WHAT THE EXERCISE ASKS
Copy exactly the lines of the data below that run from the line holding "Тёплый салат с" through the line holding "Esta é a máquina", both ends included.

DATA EXTRACTS
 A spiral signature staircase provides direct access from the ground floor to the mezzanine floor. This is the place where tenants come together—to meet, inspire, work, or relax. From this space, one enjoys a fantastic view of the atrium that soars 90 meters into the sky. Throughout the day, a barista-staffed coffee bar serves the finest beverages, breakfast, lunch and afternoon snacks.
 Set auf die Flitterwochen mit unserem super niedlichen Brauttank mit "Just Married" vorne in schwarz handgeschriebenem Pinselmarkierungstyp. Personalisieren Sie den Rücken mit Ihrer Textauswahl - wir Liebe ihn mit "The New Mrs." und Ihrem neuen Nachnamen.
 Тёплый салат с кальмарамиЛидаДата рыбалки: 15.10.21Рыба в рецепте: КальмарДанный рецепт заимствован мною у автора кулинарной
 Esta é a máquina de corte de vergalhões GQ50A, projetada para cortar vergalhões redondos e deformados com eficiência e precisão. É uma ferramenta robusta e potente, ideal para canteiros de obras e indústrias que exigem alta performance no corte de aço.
--
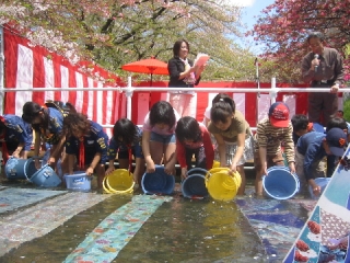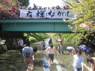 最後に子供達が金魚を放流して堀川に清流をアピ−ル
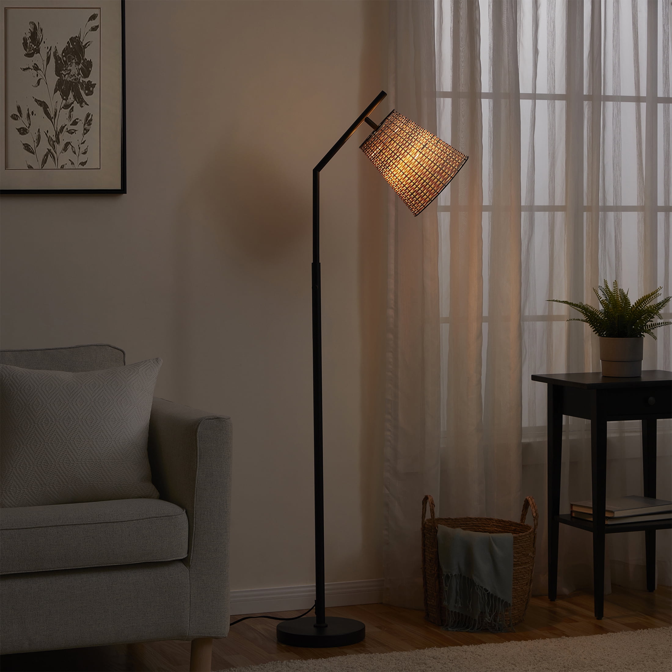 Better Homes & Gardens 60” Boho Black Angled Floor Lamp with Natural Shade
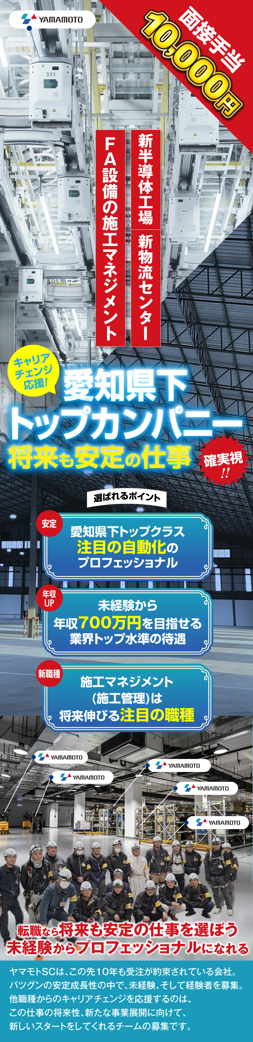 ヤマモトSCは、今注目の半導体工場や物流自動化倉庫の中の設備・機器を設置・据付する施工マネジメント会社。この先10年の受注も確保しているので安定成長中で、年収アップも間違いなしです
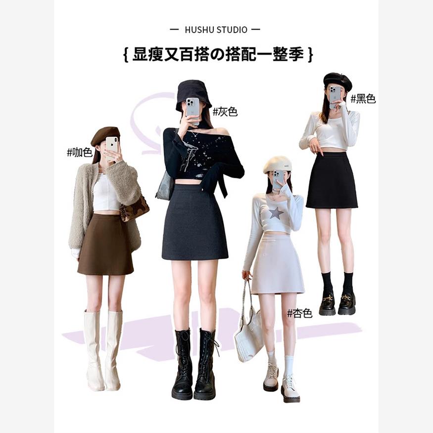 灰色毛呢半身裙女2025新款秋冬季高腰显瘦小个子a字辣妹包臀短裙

WRITTEN SOLUTION
 Тёплый салат с кальмарамиЛидаДата рыбалки: 15.10.21Рыба в рецепте: КальмарДанный рецепт заимствован мною у автора кулинарной
 Esta é a máquina de corte de vergalhões GQ50A, projetada para cortar vergalhões redondos e deformados com eficiência e precisão. É uma ferramenta robusta e potente, ideal para canteiros de obras e indústrias que exigem alta performance no corte de aço.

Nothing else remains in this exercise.